## Task requirements
Copy out exactly, from the entries that follow, the line holding "此外,防曬產(chǎn)品已", the line holding "к какому-то персонажу.", and all lines between them, but no pictures.

Data excerpts:
────────────────────

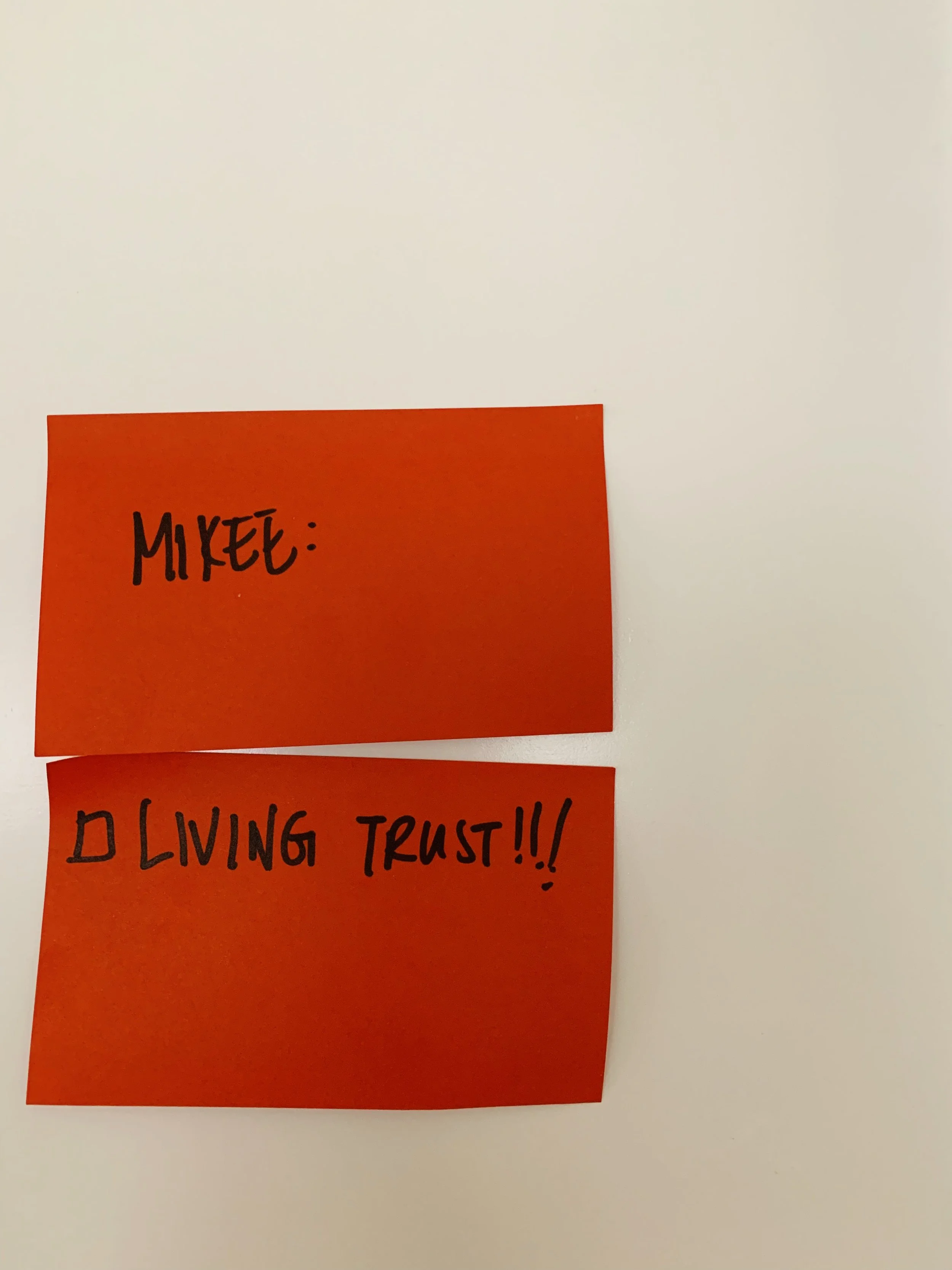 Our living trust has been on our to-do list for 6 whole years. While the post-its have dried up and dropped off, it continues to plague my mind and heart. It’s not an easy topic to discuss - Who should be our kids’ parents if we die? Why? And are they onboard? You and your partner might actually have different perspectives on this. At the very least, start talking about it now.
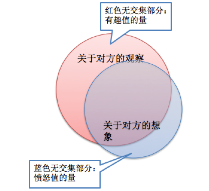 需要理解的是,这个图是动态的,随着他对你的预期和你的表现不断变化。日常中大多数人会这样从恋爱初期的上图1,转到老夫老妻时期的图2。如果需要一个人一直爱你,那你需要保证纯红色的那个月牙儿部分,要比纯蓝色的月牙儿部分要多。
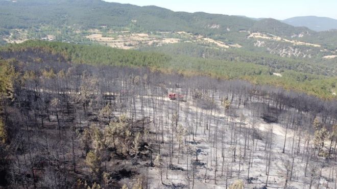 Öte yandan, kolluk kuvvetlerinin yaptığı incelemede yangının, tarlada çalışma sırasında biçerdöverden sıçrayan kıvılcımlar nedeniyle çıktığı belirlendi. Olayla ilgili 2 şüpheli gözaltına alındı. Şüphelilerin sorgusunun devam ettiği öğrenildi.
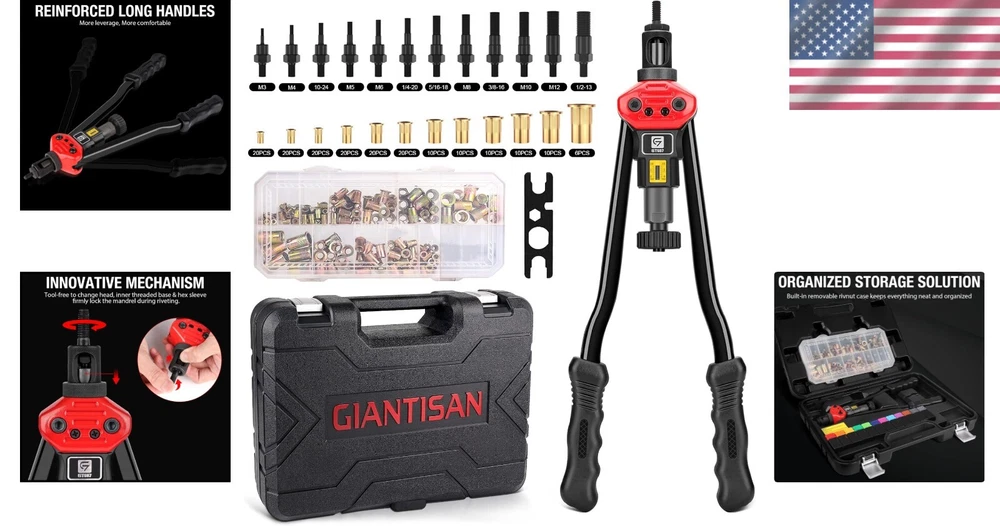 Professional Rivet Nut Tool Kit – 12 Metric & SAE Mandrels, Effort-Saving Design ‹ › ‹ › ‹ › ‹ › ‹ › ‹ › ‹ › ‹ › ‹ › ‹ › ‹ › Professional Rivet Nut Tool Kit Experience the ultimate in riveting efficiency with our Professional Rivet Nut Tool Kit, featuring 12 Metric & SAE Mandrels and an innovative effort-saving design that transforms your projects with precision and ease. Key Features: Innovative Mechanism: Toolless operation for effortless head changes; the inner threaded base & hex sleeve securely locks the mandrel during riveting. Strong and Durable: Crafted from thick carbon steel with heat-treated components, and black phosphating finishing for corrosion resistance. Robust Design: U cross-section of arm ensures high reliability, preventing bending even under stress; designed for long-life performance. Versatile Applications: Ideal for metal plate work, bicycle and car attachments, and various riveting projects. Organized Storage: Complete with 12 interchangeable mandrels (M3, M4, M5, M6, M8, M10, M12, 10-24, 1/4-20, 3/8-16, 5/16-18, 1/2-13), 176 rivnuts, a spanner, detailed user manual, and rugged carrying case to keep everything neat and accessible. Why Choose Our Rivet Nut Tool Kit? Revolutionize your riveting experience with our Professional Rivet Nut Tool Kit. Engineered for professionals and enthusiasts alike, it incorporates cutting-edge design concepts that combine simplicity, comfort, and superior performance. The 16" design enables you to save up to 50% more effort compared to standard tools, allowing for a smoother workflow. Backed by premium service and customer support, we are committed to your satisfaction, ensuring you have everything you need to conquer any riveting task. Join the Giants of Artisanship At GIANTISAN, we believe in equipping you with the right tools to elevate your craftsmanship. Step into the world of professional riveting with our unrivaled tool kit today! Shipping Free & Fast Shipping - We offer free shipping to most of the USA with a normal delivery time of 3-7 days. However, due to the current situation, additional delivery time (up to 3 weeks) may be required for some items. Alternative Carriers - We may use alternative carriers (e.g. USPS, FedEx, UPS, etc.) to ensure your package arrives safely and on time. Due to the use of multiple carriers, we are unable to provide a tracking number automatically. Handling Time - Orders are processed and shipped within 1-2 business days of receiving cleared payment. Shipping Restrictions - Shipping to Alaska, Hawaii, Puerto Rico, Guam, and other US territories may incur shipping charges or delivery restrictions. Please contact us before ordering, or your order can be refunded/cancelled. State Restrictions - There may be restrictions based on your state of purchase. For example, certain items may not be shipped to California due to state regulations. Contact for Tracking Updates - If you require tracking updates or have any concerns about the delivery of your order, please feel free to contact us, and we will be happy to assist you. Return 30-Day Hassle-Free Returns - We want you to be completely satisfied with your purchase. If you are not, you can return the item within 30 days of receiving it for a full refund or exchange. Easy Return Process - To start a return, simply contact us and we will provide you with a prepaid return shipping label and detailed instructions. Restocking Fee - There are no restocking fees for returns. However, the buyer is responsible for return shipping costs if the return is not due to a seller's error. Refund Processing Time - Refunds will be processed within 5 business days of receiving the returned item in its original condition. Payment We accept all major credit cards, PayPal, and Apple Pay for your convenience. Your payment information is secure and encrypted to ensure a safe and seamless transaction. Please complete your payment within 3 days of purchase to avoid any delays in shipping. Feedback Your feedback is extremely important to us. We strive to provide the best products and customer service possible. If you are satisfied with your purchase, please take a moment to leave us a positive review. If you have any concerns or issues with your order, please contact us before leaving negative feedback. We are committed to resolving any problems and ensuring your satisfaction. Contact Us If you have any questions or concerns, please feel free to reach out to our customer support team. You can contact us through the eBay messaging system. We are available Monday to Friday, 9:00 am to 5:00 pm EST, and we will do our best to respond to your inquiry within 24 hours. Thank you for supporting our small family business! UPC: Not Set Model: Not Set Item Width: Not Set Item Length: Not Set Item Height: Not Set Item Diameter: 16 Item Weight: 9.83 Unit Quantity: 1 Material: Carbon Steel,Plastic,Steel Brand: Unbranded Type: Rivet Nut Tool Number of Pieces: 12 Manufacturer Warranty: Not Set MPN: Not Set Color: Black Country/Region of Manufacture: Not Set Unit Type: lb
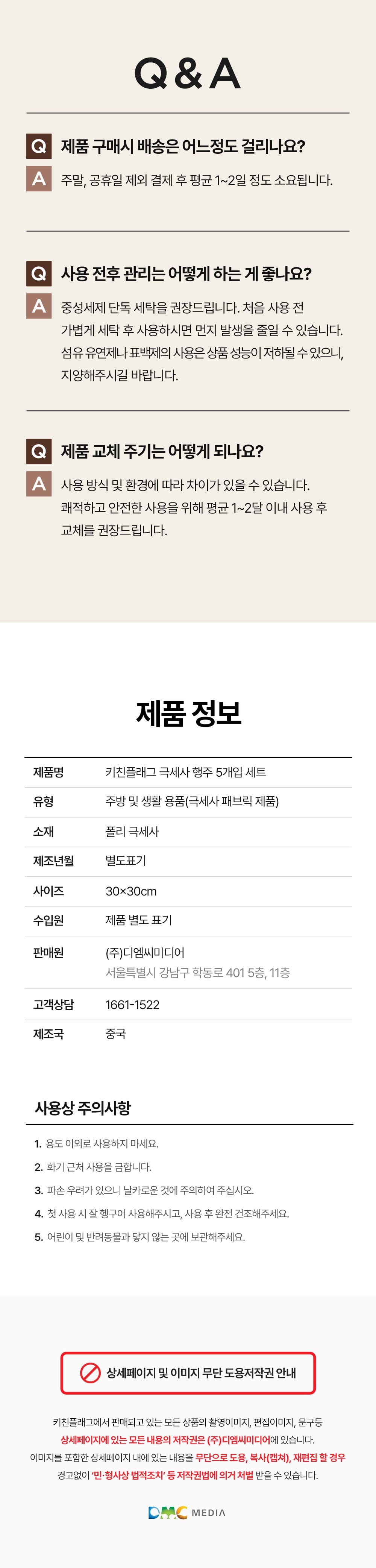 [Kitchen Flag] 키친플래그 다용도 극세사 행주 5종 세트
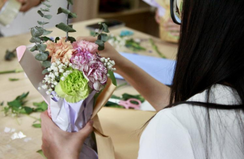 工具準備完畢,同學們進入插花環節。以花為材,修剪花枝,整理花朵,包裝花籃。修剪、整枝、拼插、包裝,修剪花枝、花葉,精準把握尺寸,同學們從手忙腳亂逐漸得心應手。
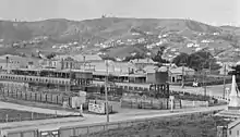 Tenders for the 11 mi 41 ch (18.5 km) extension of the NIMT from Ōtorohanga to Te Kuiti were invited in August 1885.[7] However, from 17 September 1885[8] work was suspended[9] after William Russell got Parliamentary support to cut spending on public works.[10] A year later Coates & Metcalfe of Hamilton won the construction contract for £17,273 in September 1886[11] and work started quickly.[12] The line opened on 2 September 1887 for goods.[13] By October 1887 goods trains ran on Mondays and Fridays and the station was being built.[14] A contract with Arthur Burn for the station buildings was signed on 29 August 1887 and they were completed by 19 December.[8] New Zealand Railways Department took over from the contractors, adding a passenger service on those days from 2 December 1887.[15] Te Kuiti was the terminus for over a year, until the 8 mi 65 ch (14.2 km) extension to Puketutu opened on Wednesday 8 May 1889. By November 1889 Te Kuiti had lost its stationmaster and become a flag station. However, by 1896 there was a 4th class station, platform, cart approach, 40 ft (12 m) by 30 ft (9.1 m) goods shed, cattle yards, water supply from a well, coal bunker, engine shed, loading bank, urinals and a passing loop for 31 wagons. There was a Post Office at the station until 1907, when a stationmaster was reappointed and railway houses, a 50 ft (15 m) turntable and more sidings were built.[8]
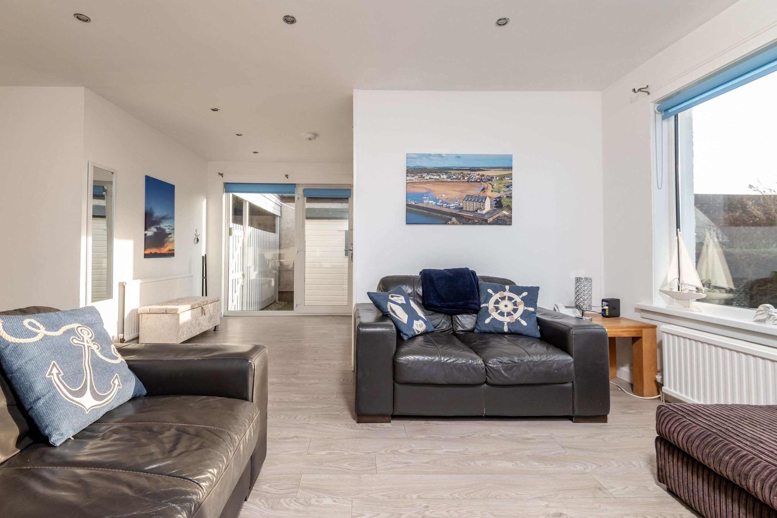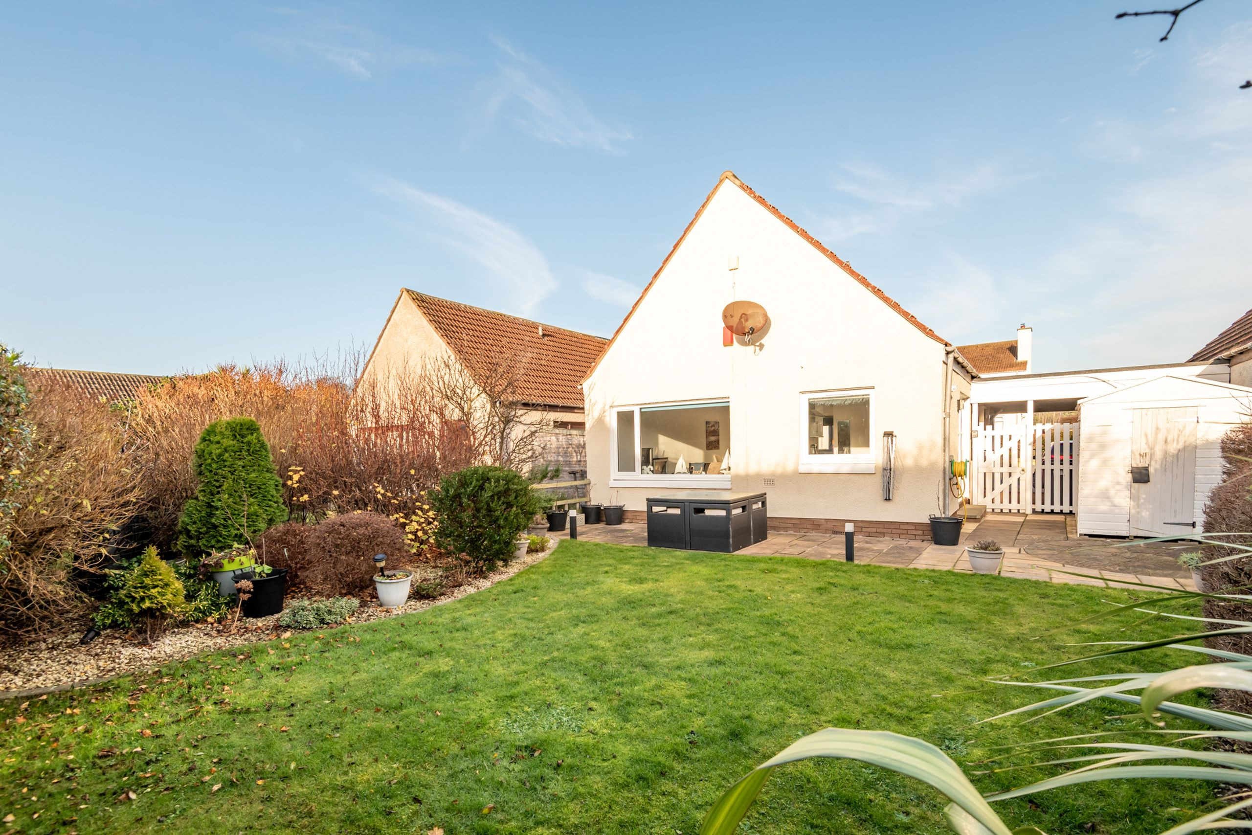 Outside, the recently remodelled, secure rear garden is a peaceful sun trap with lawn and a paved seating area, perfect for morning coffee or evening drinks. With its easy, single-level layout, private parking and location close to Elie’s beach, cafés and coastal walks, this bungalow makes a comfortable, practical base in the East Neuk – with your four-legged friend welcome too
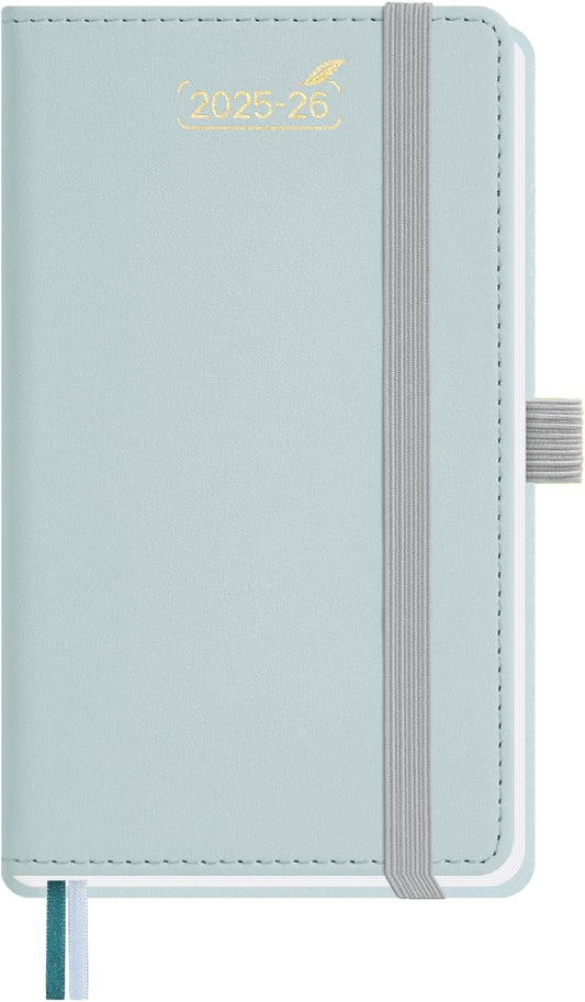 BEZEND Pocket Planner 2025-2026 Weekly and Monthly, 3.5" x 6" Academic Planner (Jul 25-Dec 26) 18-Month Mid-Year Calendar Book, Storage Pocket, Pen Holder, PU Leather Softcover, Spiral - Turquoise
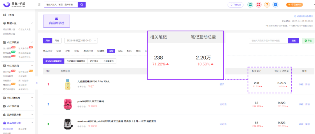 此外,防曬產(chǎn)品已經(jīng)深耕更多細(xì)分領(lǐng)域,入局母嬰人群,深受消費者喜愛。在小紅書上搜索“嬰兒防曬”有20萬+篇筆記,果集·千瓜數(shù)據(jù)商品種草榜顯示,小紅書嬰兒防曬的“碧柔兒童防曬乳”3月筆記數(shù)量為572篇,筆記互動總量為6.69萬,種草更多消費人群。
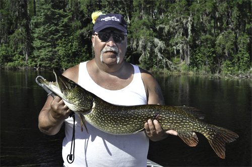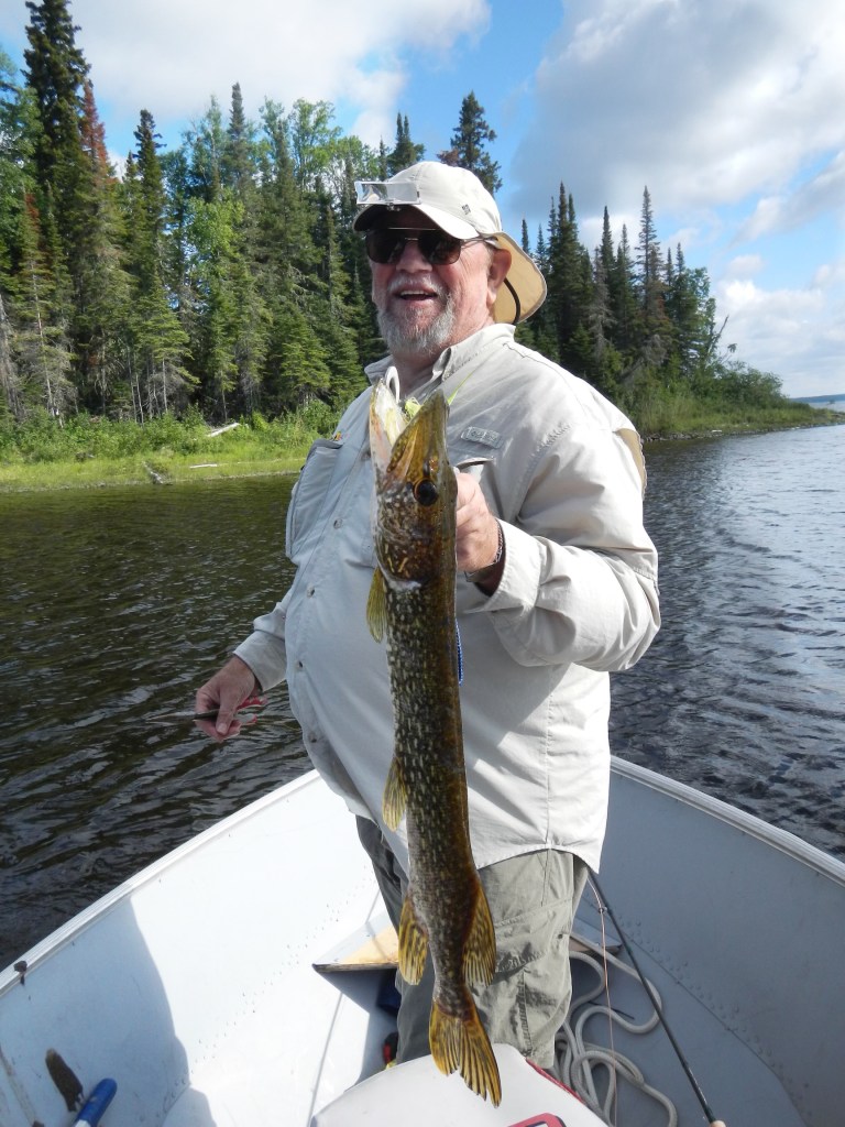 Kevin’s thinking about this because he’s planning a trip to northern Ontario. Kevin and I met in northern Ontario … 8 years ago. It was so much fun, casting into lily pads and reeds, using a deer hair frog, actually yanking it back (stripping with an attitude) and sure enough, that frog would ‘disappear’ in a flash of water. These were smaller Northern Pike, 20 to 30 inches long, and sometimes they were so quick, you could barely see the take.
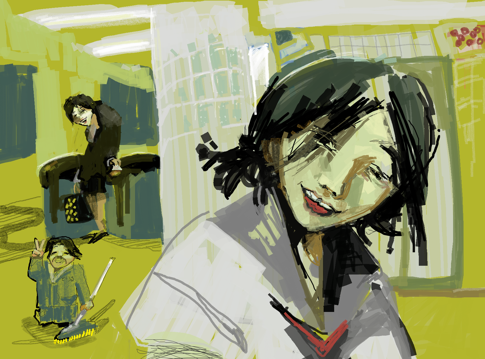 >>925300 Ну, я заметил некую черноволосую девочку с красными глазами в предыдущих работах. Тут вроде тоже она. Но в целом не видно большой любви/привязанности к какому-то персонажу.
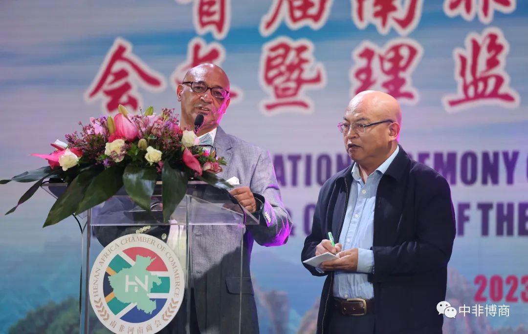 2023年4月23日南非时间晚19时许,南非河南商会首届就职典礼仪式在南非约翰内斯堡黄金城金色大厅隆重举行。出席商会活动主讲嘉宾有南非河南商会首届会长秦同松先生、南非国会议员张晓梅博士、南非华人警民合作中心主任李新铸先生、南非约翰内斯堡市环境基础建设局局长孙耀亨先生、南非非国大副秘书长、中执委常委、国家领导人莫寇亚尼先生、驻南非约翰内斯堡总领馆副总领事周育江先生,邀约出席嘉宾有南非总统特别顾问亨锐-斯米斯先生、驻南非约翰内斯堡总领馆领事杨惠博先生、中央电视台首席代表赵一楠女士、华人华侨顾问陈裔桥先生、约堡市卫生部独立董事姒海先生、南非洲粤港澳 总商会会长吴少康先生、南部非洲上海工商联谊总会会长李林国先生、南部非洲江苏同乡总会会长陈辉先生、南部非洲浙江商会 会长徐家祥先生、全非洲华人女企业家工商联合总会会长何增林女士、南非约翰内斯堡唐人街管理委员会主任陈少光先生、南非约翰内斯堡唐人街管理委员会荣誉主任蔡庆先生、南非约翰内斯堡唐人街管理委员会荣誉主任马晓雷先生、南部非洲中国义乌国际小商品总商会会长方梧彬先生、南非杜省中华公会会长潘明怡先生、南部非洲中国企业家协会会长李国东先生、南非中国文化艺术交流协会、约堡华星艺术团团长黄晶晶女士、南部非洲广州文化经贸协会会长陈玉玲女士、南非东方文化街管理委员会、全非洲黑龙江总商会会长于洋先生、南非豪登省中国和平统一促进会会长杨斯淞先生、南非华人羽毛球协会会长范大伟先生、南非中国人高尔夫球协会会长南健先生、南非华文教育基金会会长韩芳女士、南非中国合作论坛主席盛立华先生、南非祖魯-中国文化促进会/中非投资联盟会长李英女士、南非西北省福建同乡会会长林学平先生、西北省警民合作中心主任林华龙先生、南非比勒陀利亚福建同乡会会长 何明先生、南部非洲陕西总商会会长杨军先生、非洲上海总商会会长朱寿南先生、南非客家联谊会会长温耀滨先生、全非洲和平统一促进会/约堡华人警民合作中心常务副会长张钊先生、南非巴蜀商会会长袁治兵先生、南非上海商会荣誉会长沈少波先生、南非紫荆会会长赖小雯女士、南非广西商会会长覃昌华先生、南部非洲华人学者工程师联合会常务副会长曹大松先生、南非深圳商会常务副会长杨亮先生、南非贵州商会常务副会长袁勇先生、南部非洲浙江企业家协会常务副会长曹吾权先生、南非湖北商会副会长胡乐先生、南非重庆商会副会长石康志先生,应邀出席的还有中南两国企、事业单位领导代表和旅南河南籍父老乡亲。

────────────────────

## Task output
 此外,防曬產(chǎn)品已經(jīng)深耕更多細(xì)分領(lǐng)域,入局母嬰人群,深受消費者喜愛。在小紅書上搜索“嬰兒防曬”有20萬+篇筆記,果集·千瓜數(shù)據(jù)商品種草榜顯示,小紅書嬰兒防曬的“碧柔兒童防曬乳”3月筆記數(shù)量為572篇,筆記互動總量為6.69萬,種草更多消費人群。
 Kevin’s thinking about this because he’s planning a trip to northern Ontario. Kevin and I met in northern Ontario … 8 years ago. It was so much fun, casting into lily pads and reeds, using a deer hair frog, actually yanking it back (stripping with an attitude) and sure enough, that frog would ‘disappear’ in a flash of water. These were smaller Northern Pike, 20 to 30 inches long, and sometimes they were so quick, you could barely see the take.
 >>925300 Ну, я заметил некую черноволосую девочку с красными глазами в предыдущих работах. Тут вроде тоже она. Но в целом не видно большой любви/привязанности к какому-то персонажу.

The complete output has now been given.